What this task involves →
Write out the entries again exactly as they are given.

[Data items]

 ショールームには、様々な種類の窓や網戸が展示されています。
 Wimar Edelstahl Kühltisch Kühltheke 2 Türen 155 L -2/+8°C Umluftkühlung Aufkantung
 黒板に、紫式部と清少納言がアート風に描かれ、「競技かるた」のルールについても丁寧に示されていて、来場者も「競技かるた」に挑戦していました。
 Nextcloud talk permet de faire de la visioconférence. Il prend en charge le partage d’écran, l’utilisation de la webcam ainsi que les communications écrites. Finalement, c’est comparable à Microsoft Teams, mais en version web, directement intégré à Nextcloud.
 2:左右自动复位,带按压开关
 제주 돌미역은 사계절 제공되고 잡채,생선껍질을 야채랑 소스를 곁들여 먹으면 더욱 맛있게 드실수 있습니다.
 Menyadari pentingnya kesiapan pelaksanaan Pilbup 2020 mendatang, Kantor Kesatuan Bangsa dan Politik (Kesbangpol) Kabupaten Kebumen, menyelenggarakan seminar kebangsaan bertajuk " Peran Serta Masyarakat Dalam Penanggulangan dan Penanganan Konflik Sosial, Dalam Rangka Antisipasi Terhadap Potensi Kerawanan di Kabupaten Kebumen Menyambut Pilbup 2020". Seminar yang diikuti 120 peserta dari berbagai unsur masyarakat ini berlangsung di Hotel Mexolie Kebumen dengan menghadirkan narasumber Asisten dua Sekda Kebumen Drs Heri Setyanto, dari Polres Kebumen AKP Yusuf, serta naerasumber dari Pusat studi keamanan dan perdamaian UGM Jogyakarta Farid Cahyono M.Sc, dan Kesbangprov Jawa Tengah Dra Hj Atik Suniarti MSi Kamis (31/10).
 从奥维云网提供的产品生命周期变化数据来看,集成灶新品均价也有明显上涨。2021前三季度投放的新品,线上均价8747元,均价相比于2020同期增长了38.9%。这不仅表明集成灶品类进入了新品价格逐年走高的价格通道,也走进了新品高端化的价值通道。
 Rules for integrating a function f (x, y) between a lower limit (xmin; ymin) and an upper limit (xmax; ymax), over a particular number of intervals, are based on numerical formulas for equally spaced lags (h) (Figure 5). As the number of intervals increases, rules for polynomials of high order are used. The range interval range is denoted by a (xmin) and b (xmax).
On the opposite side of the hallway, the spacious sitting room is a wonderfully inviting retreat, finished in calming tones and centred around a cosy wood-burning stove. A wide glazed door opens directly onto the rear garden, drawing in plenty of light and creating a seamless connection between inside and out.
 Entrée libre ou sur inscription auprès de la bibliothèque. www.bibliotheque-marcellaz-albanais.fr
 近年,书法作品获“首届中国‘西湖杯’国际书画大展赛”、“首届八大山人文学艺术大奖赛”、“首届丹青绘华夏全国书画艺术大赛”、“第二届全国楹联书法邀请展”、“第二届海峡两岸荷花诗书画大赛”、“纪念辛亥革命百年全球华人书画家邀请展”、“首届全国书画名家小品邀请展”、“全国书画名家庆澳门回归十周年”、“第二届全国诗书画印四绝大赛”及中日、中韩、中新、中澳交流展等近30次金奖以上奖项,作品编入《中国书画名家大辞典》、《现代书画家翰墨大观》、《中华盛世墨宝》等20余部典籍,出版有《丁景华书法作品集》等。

Result for this exercise →
 ショールームには、様々な種類の窓や網戸が展示されています。
 Wimar Edelstahl Kühltisch Kühltheke 2 Türen 155 L -2/+8°C Umluftkühlung Aufkantung
 黒板に、紫式部と清少納言がアート風に描かれ、「競技かるた」のルールについても丁寧に示されていて、来場者も「競技かるた」に挑戦していました。
 Nextcloud talk permet de faire de la visioconférence. Il prend en charge le partage d’écran, l’utilisation de la webcam ainsi que les communications écrites. Finalement, c’est comparable à Microsoft Teams, mais en version web, directement intégré à Nextcloud.
 2:左右自动复位,带按压开关
 제주 돌미역은 사계절 제공되고 잡채,생선껍질을 야채랑 소스를 곁들여 먹으면 더욱 맛있게 드실수 있습니다.
 Menyadari pentingnya kesiapan pelaksanaan Pilbup 2020 mendatang, Kantor Kesatuan Bangsa dan Politik (Kesbangpol) Kabupaten Kebumen, menyelenggarakan seminar kebangsaan bertajuk " Peran Serta Masyarakat Dalam Penanggulangan dan Penanganan Konflik Sosial, Dalam Rangka Antisipasi Terhadap Potensi Kerawanan di Kabupaten Kebumen Menyambut Pilbup 2020". Seminar yang diikuti 120 peserta dari berbagai unsur masyarakat ini berlangsung di Hotel Mexolie Kebumen dengan menghadirkan narasumber Asisten dua Sekda Kebumen Drs Heri Setyanto, dari Polres Kebumen AKP Yusuf, serta naerasumber dari Pusat studi keamanan dan perdamaian UGM Jogyakarta Farid Cahyono M.Sc, dan Kesbangprov Jawa Tengah Dra Hj Atik Suniarti MSi Kamis (31/10).
 从奥维云网提供的产品生命周期变化数据来看,集成灶新品均价也有明显上涨。2021前三季度投放的新品,线上均价8747元,均价相比于2020同期增长了38.9%。这不仅表明集成灶品类进入了新品价格逐年走高的价格通道,也走进了新品高端化的价值通道。
 Rules for integrating a function f (x, y) between a lower limit (xmin; ymin) and an upper limit (xmax; ymax), over a particular number of intervals, are based on numerical formulas for equally spaced lags (h) (Figure 5). As the number of intervals increases, rules for polynomials of high order are used. The range interval range is denoted by a (xmin) and b (xmax).
On the opposite side of the hallway, the spacious sitting room is a wonderfully inviting retreat, finished in calming tones and centred around a cosy wood-burning stove. A wide glazed door opens directly onto the rear garden, drawing in plenty of light and creating a seamless connection between inside and out.
 Entrée libre ou sur inscription auprès de la bibliothèque. www.bibliotheque-marcellaz-albanais.fr
 近年,书法作品获“首届中国‘西湖杯’国际书画大展赛”、“首届八大山人文学艺术大奖赛”、“首届丹青绘华夏全国书画艺术大赛”、“第二届全国楹联书法邀请展”、“第二届海峡两岸荷花诗书画大赛”、“纪念辛亥革命百年全球华人书画家邀请展”、“首届全国书画名家小品邀请展”、“全国书画名家庆澳门回归十周年”、“第二届全国诗书画印四绝大赛”及中日、中韩、中新、中澳交流展等近30次金奖以上奖项,作品编入《中国书画名家大辞典》、《现代书画家翰墨大观》、《中华盛世墨宝》等20余部典籍,出版有《丁景华书法作品集》等。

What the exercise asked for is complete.